En el estudio participaron hombres no entrenados en entrenamiento de la fuerza. Cada pierna se asignó en 1 de 2 protocolos de entrenamiento unilateral (FM o NFM con igual volumen) en el ejercicio de extensión de rodilla. Ambos protocolos se realizaron con 3–4 series, 3 minutos de descanso y al 55–60% de una repetición máxima (1MR). Se evaluaron el área transversal de los músculos del recto femoral y del vasto lateral, la fuerza muscular máxima (1MR y la contracción isométrica voluntaria máxima) y la resistencia muscular (número máximo de repeticiones) antes y después de 14 semanas. Además, la activación neuromuscular por la raíz cuadrada media normalizada de la señal electromiográfica (EMGRMS) fue medida en las sesiones de entrenamiento 2° y 35°.

Los resultados promedio mostraron que ambos protocolos de entrenamiento fueron igualmente efectivos para inducir aumentos en la fuerza y en las ganancias de hipertrofia muscular. Sin embargo, los datos de análisis individuales sugieren que el protocolo NFM con el mismo volumen puede promover una hipertrofia muscular similar o incluso mayor (vasto lateral) y un rendimiento de resistencia muscular en comparación con el protocolo al FM. Además, las respuestas EMGRMS normalizadas analizadas durante las sesiones 2° y 35° fueron similares en los protocolos FM y NFM para los músculos recto femoral y vasto lateral.

En conclusión, los protocolos FM y NFM realizados con los mismos números de repeticiones totales, produjeron un rendimiento similar de la fuerza muscular máxima y de la activación neuromuscular.

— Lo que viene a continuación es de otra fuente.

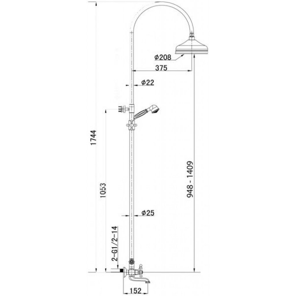 Комплектація: змішувач/душова штанга/ручний душ на 1 режим/верхній душ/тримач ручного душу/душовий шланг
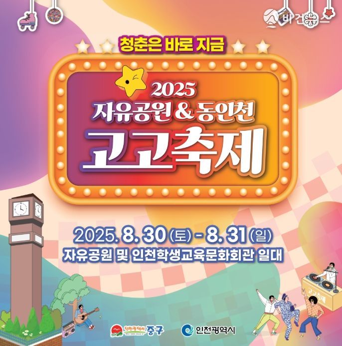 [비건뉴스=최지영 수습기자] 인천시 중구는 8월 30일 ~ 31일 열정과 낭만의 계절 여름을 맞이해 ‘청춘’을 만끽할 수 있는 2025 자유공원·동인천 고고축제 인천 중구 자유공원과 동인천 학생교육문화회관 일원에서 열린다고 밝혔다.
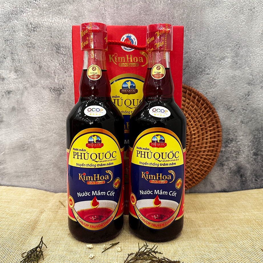 Nước mắm Kim Hoa là dòng nước mắm “Cốt” đặc biệt được ủ chượp theo phương pháp truyền thống với nguồn nguyên liệu là cá cơm thiên nhiên đến từ vùng biển Phú Quốc. Từng giọt nước mắm Kim Hoa đã được chắt lọc ra từ những nguồn nguyên liệu tốt nhất, mang đến cho khách hàng một sản phẩm vừa kết hợp được sự tinh hoa của nước mắm truyền thống và những dưỡng chất sức khỏe mà sản phẩm mang lại. Nước mắm là mặt hàng được sử dụng rộng rãi trong các bữa ăn của gia đình Việt từ xưa đến nay.
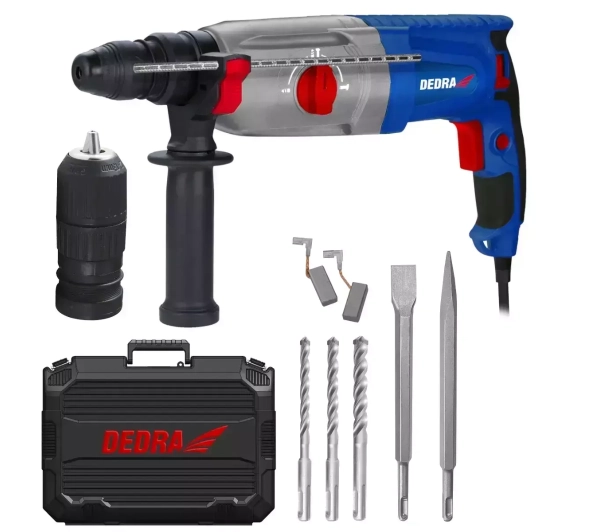 : dłuto, rękojeść dodatkowa, szczotki zapasowe, szpicak, uchwyt wiertarski samozaciskowy, walizka, wiertła
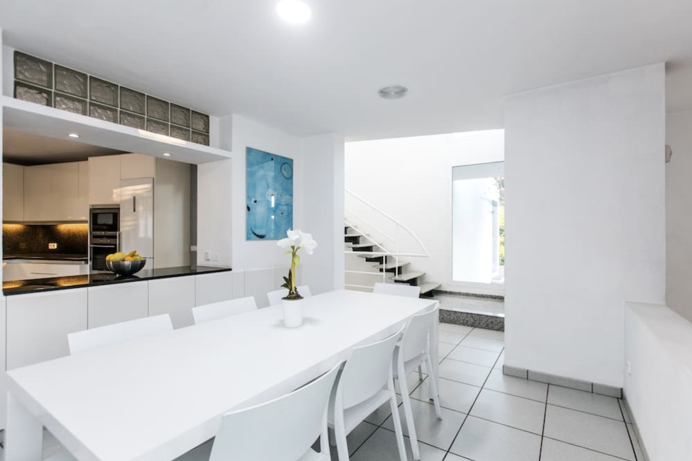 Main floor with a cozy modern living room and kitchen apart with dining area. Nice outdoor living with barbecue, large swimming pool and sun terrace.
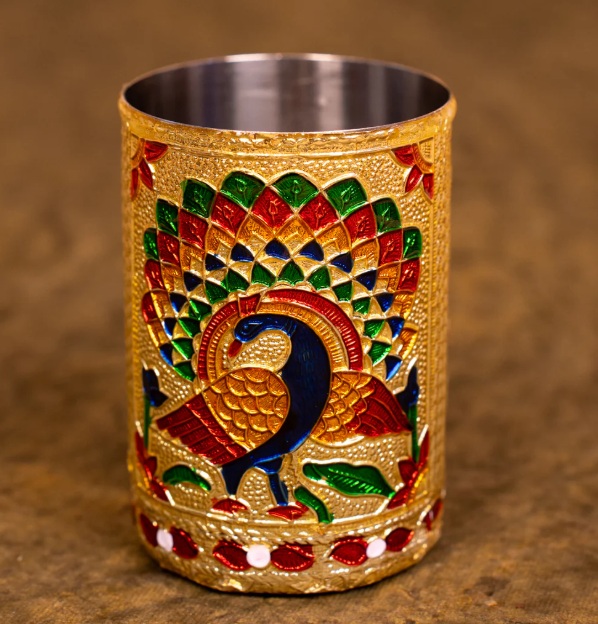 This elegant Meenakari Glass adds a touch of traditional opulence to any dining experience.
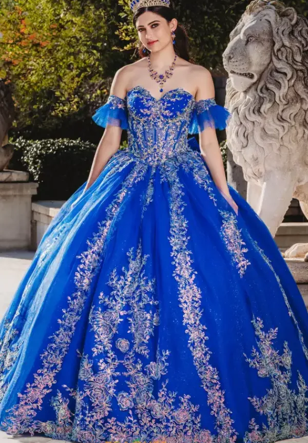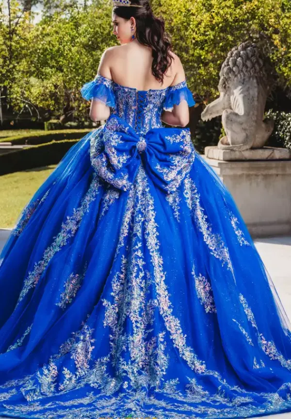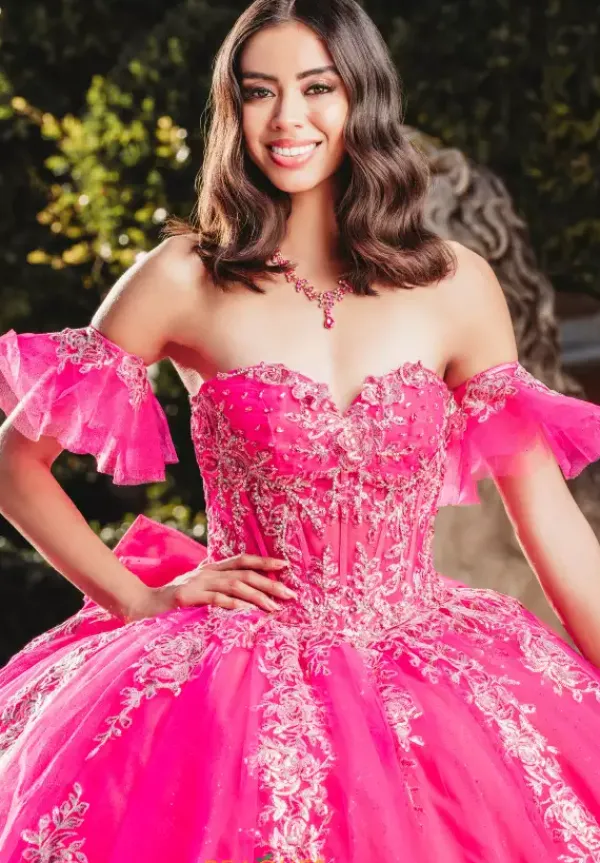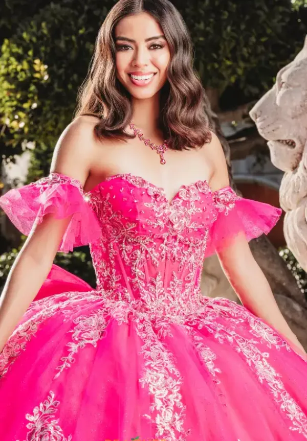 Incredibly eye catching Amabelle Quinceañra dress style QA103 features a mesmerizing fitted corset bodice with captivating beaded applique atop tulle and corset boning. Elegant ap sleeves elevate the strapless sweetheart neckline. More stunning applique cascades down the glitter tulle skirt for a dramatic effect, perfectly finished with a bow. Includes detachable bow and removable off the shoulder sleeves.
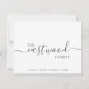 This simple family name typography notecard includes your last name in a pretty modern script signature style and your individual first names below. Simple modern elegance.
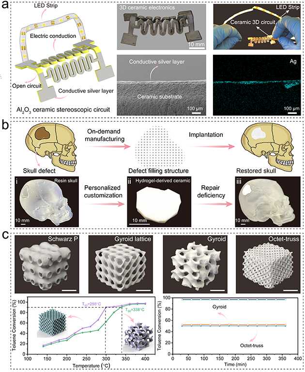 基于此方法,研究人員還可制造無支撐且大跨度的陶瓷三維電路,且這種陶瓷三維電路能很好地點亮LED燈帶。此外,利用水凝膠柔性骨架的可變形性,可按需或個性化制造具有顱骨缺損形狀的陶瓷結(jié)構(gòu)來實現(xiàn)骨缺陷部位修復(fù)。制造的陶瓷結(jié)構(gòu)還可結(jié)合表面改性策略創(chuàng)造性設(shè)計制備高性能的復(fù)雜結(jié)構(gòu)催化陶瓷器件,具有優(yōu)良的催化活性和穩(wěn)定性。研究人員還進一步拓展了這種方法在三維電路、生物醫(yī)用及功能催化領(lǐng)域的潛在應(yīng)用(圖3)。
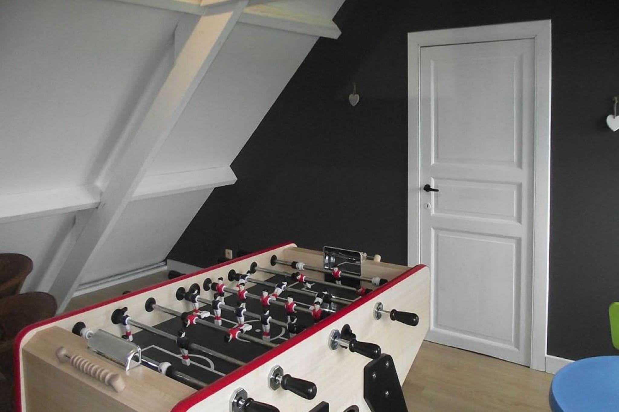 Ground floor: (Entrance, Sitting room(TV(flatscreen, digital), fireplace, stove(wood), seating area, DVD player), dining room(4x dining table(16 persons), 2x high chair), Kitchen(electric kettle, toaster, cooker(5 ring stoves, ceramic), hood, coffee machine, oven(grill-oven), microwave, dishwasher, fridge-freezer, Hand blender), bathroom(bath tub, shower, washbasin), sanitary facility(toilet), washing room(fridge)) On the 1st floor: (bedroom(double bed(twin duvet, twin fitted sheet)), Bedroom with bathroom(double bed(twin duvet, twin fitted sheet), cot, shower, washbasin), bathroom(shower, washbasin), sanitary facility(toilet), recreation room(TV, seating area, table football, toys)) On the 2nd floor: (bedroom(single bed(duvet, fitted sheet), double bed(twin duvet, twin fitted sheet)), Bedroom with bathroom(double bed(twin duvet, twin fitted sheet), cot, shower, washbasin), sanitary facility(toilet)) terrace, garden(private, fenced, landscaped garden), garden furniture, BBQ, parking, lounge set
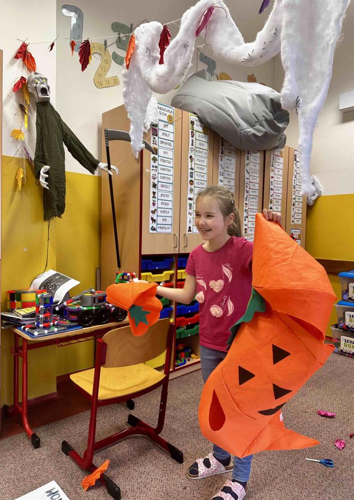 Naše třída se letos zapojila do školní soutěže o nejlepší halloweenskou výzdobu. Děti si z domova přinesly spoustu krásných dekorací s danou tematikou a další jsme si společně vyrobili přímo ve škole.
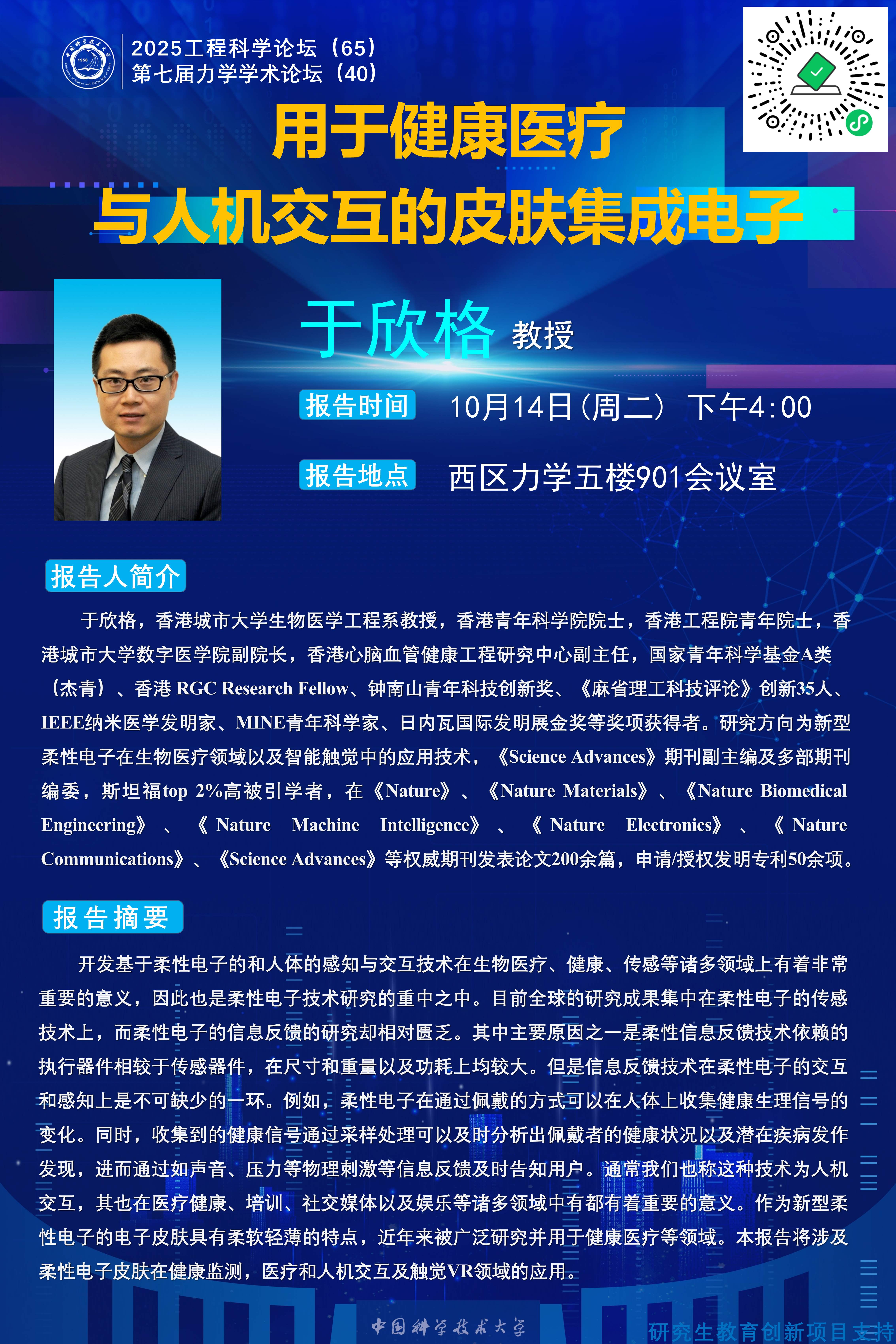2025工程科学论坛(65)“用于健康医疗与人机交互的皮肤集成电子”
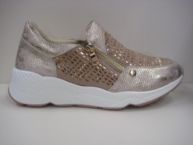 A sporty classic, this slip on shoe from Revel Heart has a lovely combination of soft metallic leather and sparkle! Double zip entry - perfect to slip on and go!
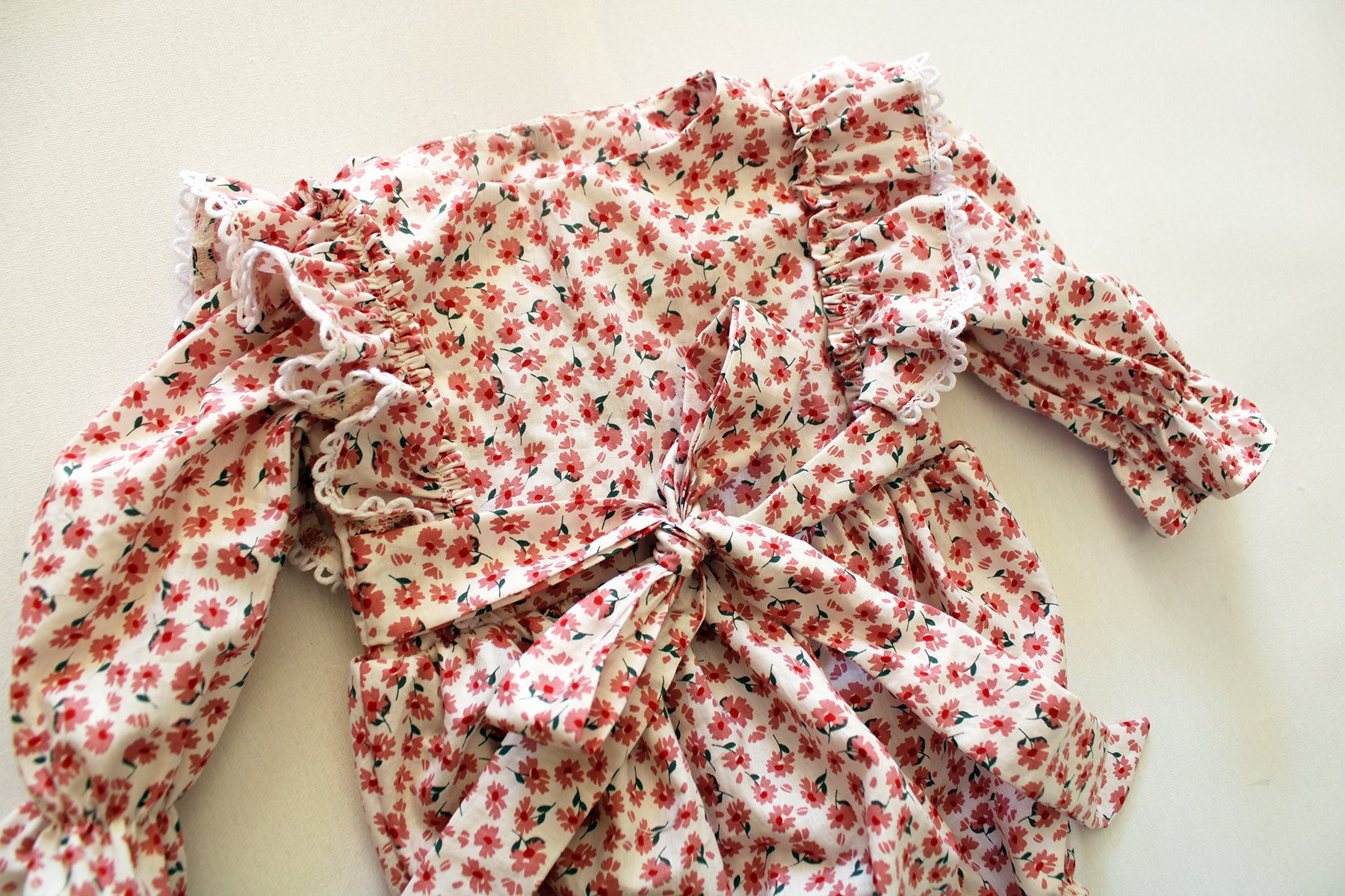 The Paisley romper for baby girls features bubble long sleeves with gathered lace frill detail on the bodice and back. It has buttons at the back for easy dressing and elasticated wrists for a comfortable fit. Add the matching headband and shoes for a cute look.

Sin embargo, el entrenamiento de NFM podría ser una estrategia más apropiada para aumentar la hipertrofia muscular (vasto lateral) y el rendimiento de resistencia muscular en individuos no entrenados en comparación con el protocolo al FM.

Aplicaciones prácticas

Este estudio mostró que un protocolo NFM con volúmenes iguales como un protocolo FM produjo ganancias similares de fuerza e hipertrofia muscular. Estos resultados sugieren que realizar repeticiones al FM no fue un factor determinante para las adaptaciones crónicas asociadas con el EF; por lo tanto, el entrenamiento de NFM (con un volumen igual al del FM) podría ser un método de entrenamiento alternativo para individuos no entrenados. Además, según los análisis individuales del CSA y de la resistencia muscular del vasto lateral, un mayor número de individuos respondió mejor al protocolo de NFM. Estos resultados podrían estar relacionados con la necesidad de un período de recuperación más largo entre sesiones para individuos que entrenan al FM; así, una recuperación insuficiente induciría una mayor acción de los mecanismos inhibitorios que pueden deteriorar las adaptaciones promovidas por este modo de entrenamiento.